#### Task instructions:
With the pictures left out, return exactly the lines from the one containing "Refreshing summer leaves" through the end of the listing below.

#### Input material:
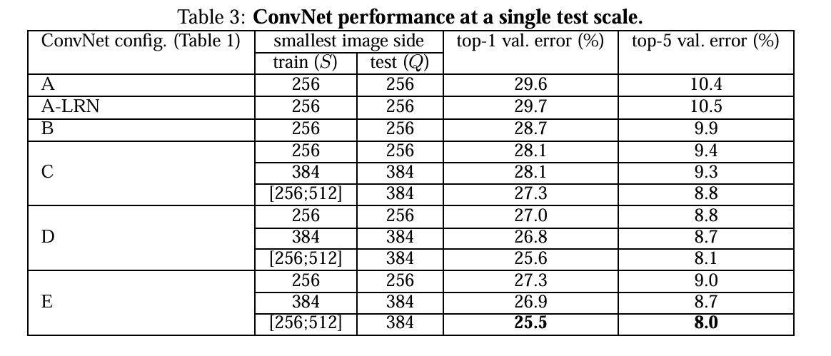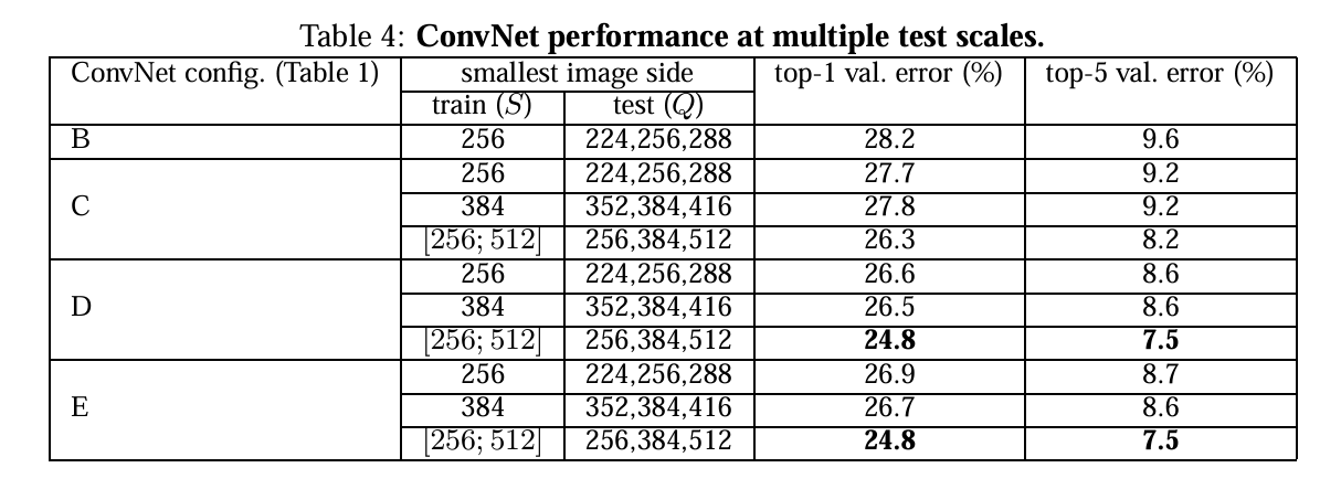 IV. 마지막으로 train 과정에서 input image 크기인 S를 multi-scale로 학습한 것이 각 network에서 더욱 좋은 성능을 내는 것을 알 수 있다. scale jittering의 효과를 알 수 있는 결과이다.
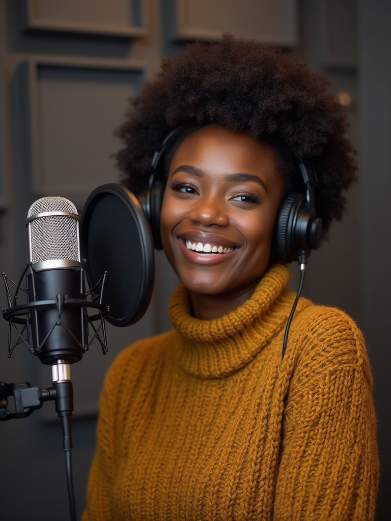 model recording podcast, wearing comfortable sweater , large microphone in front, soundproofing panels in background, professional studio setup, engaging expression
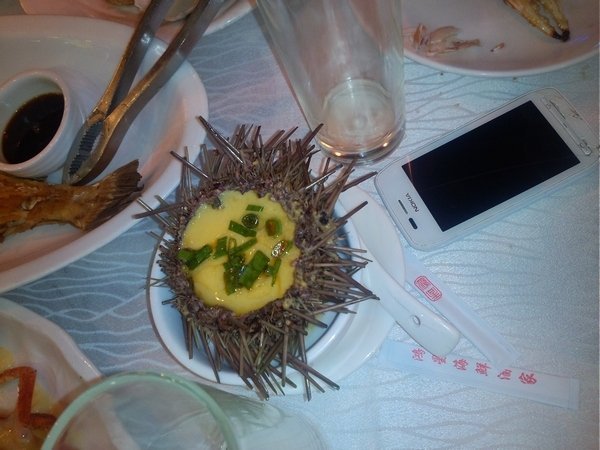 Дуже боялася місцевої кухні. Набрала з собою, про всяк випадок, купу таблеток. Чомусь думалося, що готують вони настільки екзотичні страви, що мій шлунок такого нокдауну не витримає. Однак побоювання виявилися марними. Китайці, в основному, харчуються морепродуктами, ну а хто полюбляє м’ясо: телятину, яловичину чи свинину – теж не буде ображеним. Я куштувала все, чого немає в нас. Наприклад в одному із ресторанів мені запропонували напій, де ще ворушиться змія. Там же можна було вибрати із акваріумів вподобані рибу, креветки чи молюски. При тобі їх зважують і тут же готують. Де б іще мала нагоду спробувати на смак морського їжака.
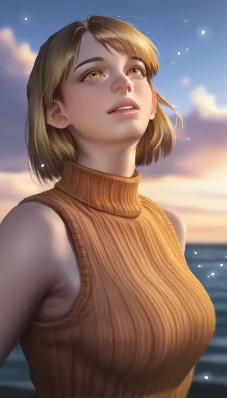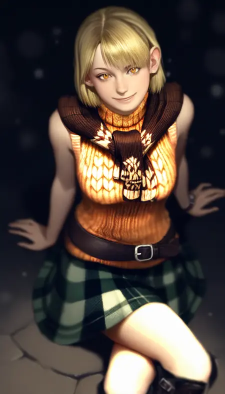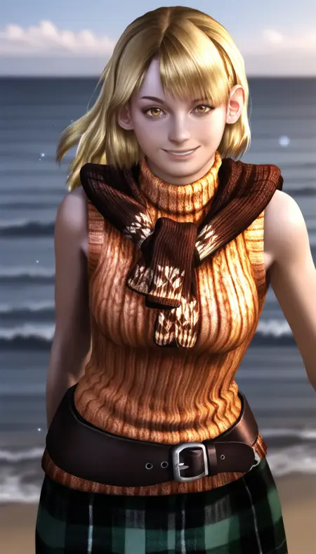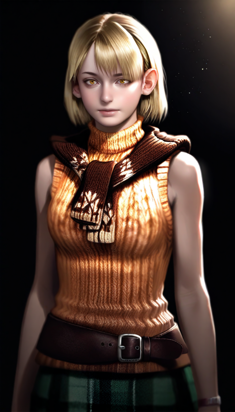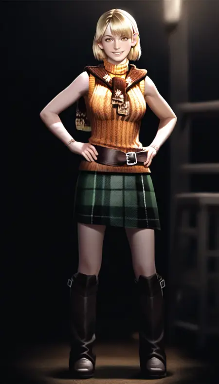 ashleygraham,realistic, 1girl,solo,blonde hair,bob cut,bangs,golden eyes, orange turtleneck,brown sweater draped over shoulder,green plaid skirt,brown belt, black knee boots,
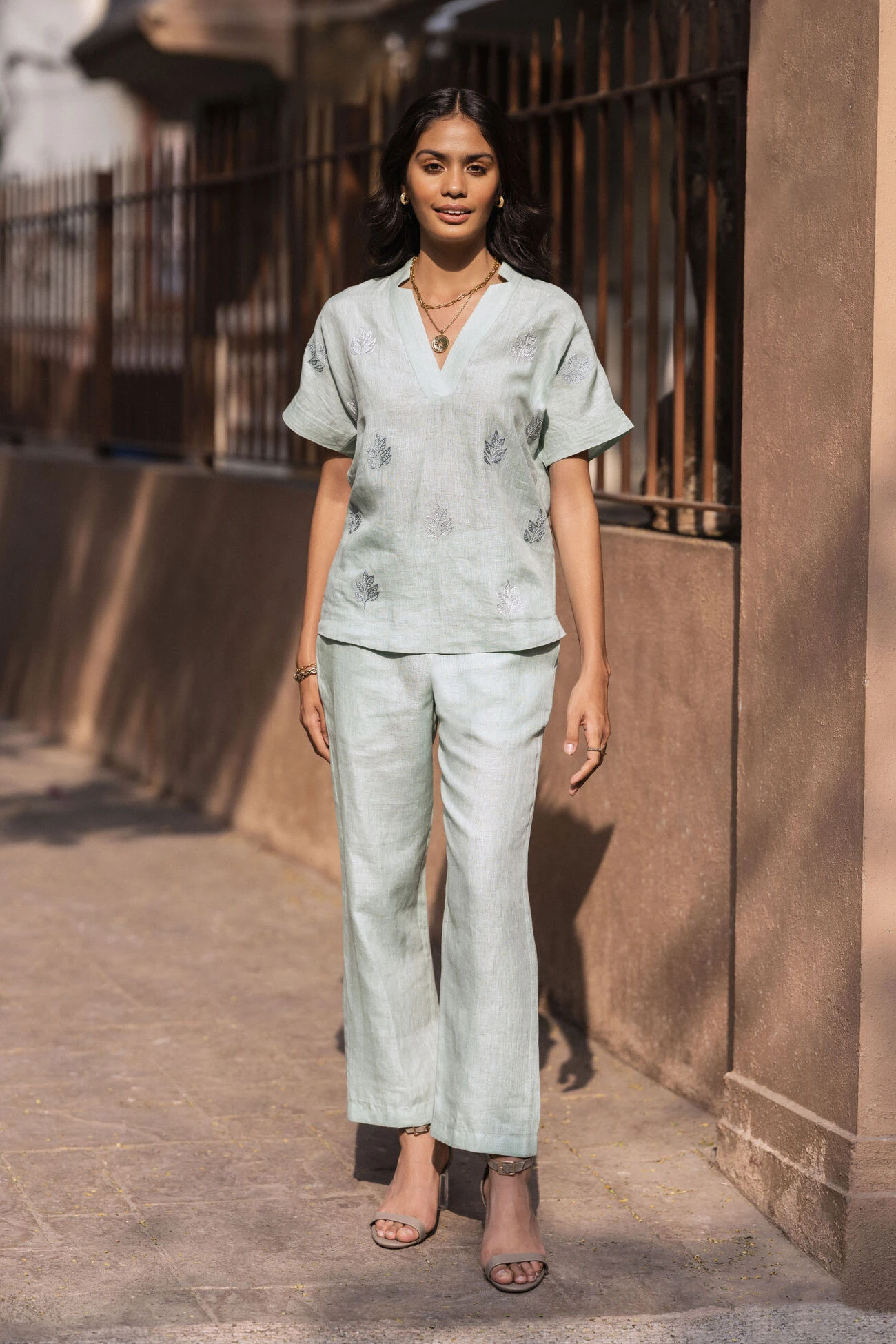 Refreshing summer leaves in tonal embroidery complete the perfectly coordinated look in linen.
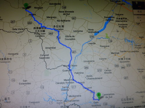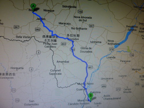 波尼多 - 伊瓜蘇瀑布約780公里.走163國道.
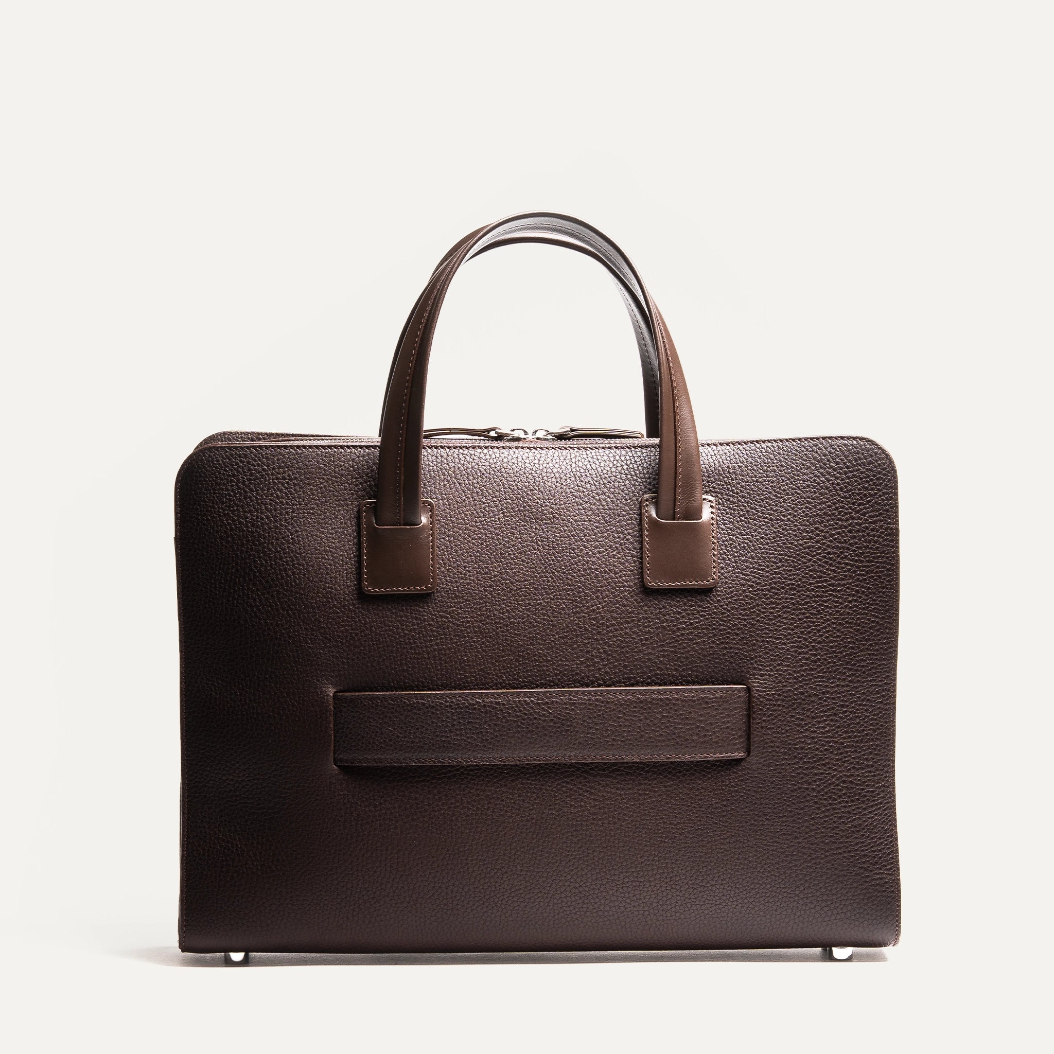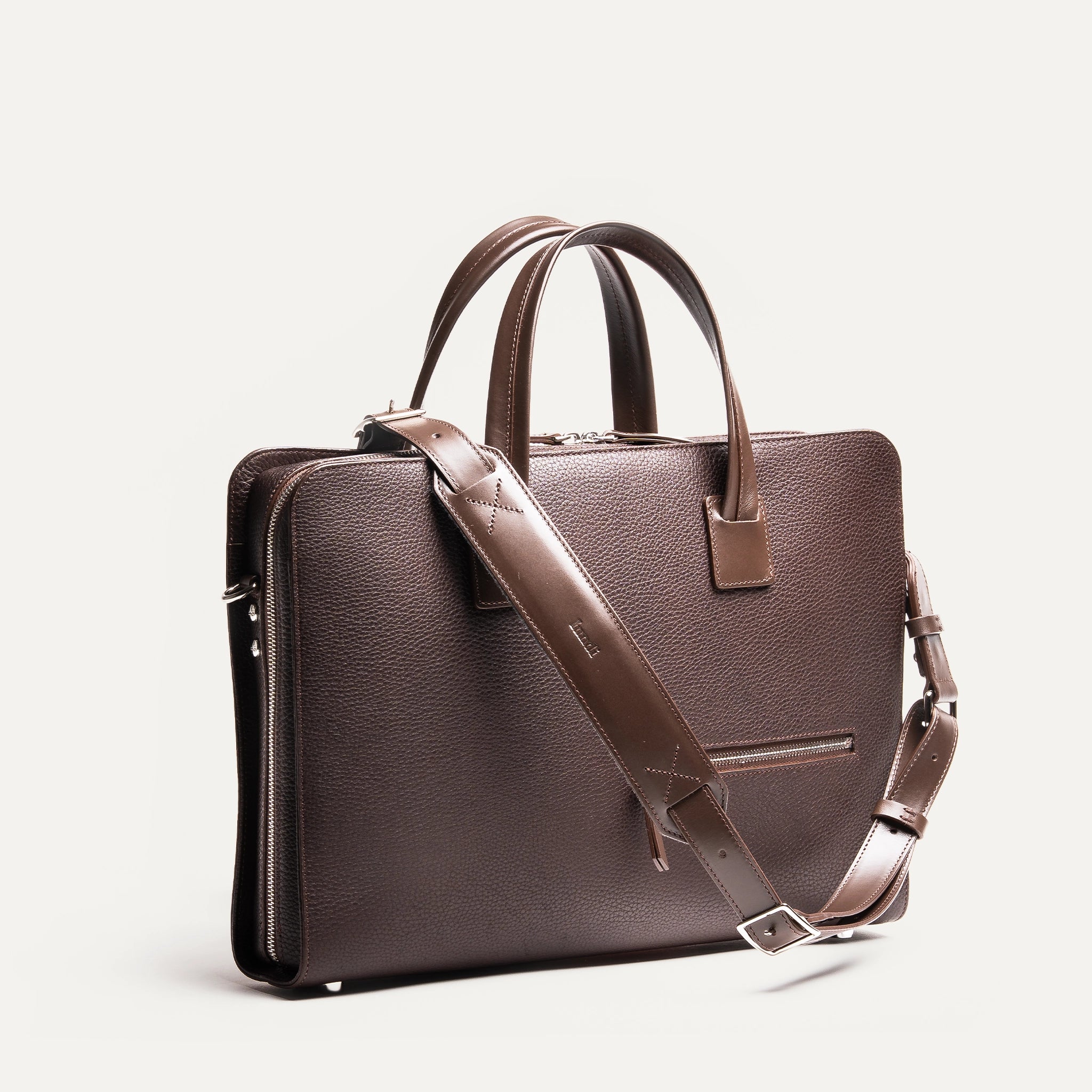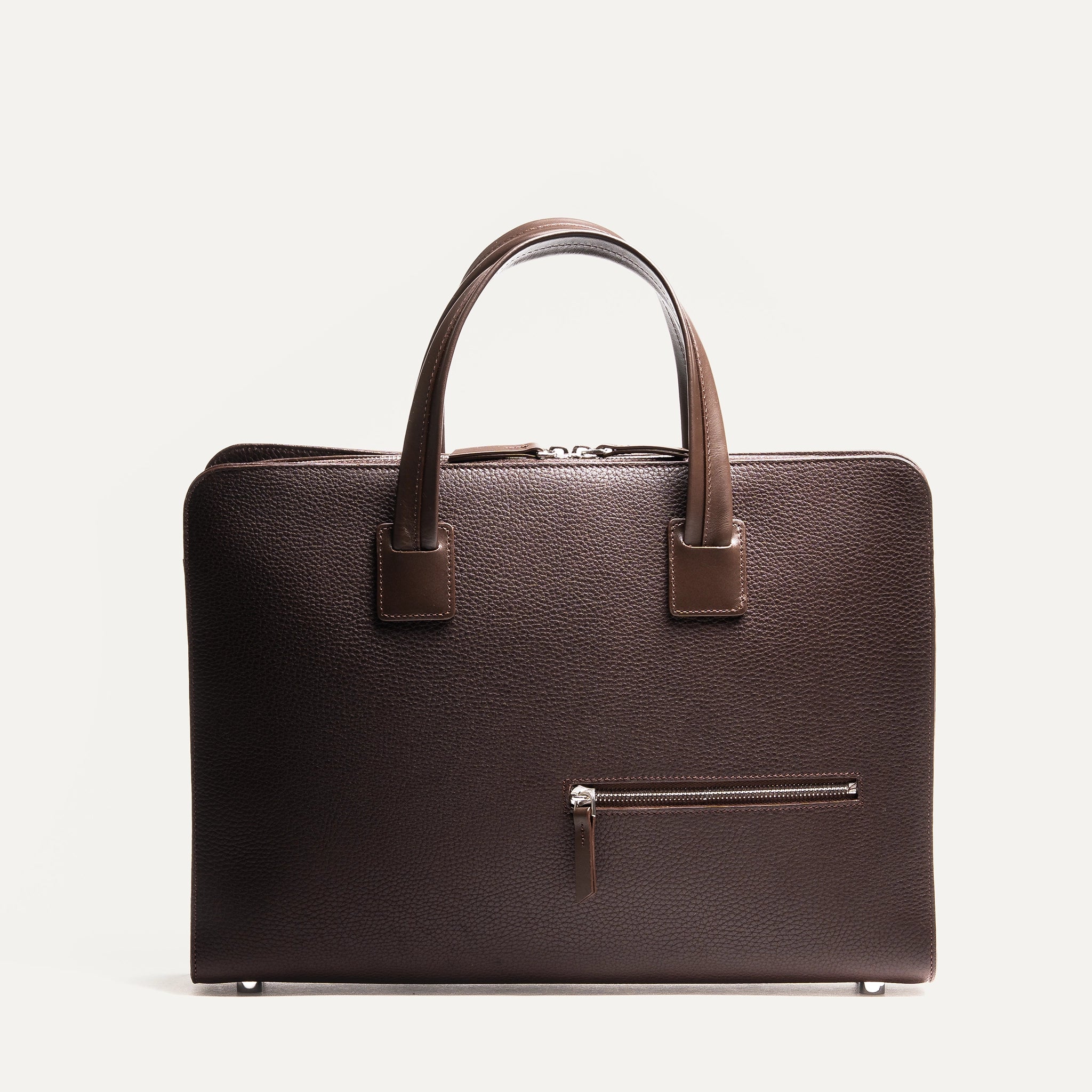 Entièrement réalisé en cuir grainé au tannage semi-végétal, le modèle exprime toute la force de la matière. Le grain régulier donne du relief sans excès, structure la surface et renforce la sensation de robustesse. Le marron foncé apporte une alternative subtile au noir : tout aussi formel, mais plus nuancé, plus vivant.

#### Written answer:
 Refreshing summer leaves in tonal embroidery complete the perfectly coordinated look in linen.
 波尼多 - 伊瓜蘇瀑布約780公里.走163國道.
 Entièrement réalisé en cuir grainé au tannage semi-végétal, le modèle exprime toute la force de la matière. Le grain régulier donne du relief sans excès, structure la surface et renforce la sensation de robustesse. Le marron foncé apporte une alternative subtile au noir : tout aussi formel, mais plus nuancé, plus vivant.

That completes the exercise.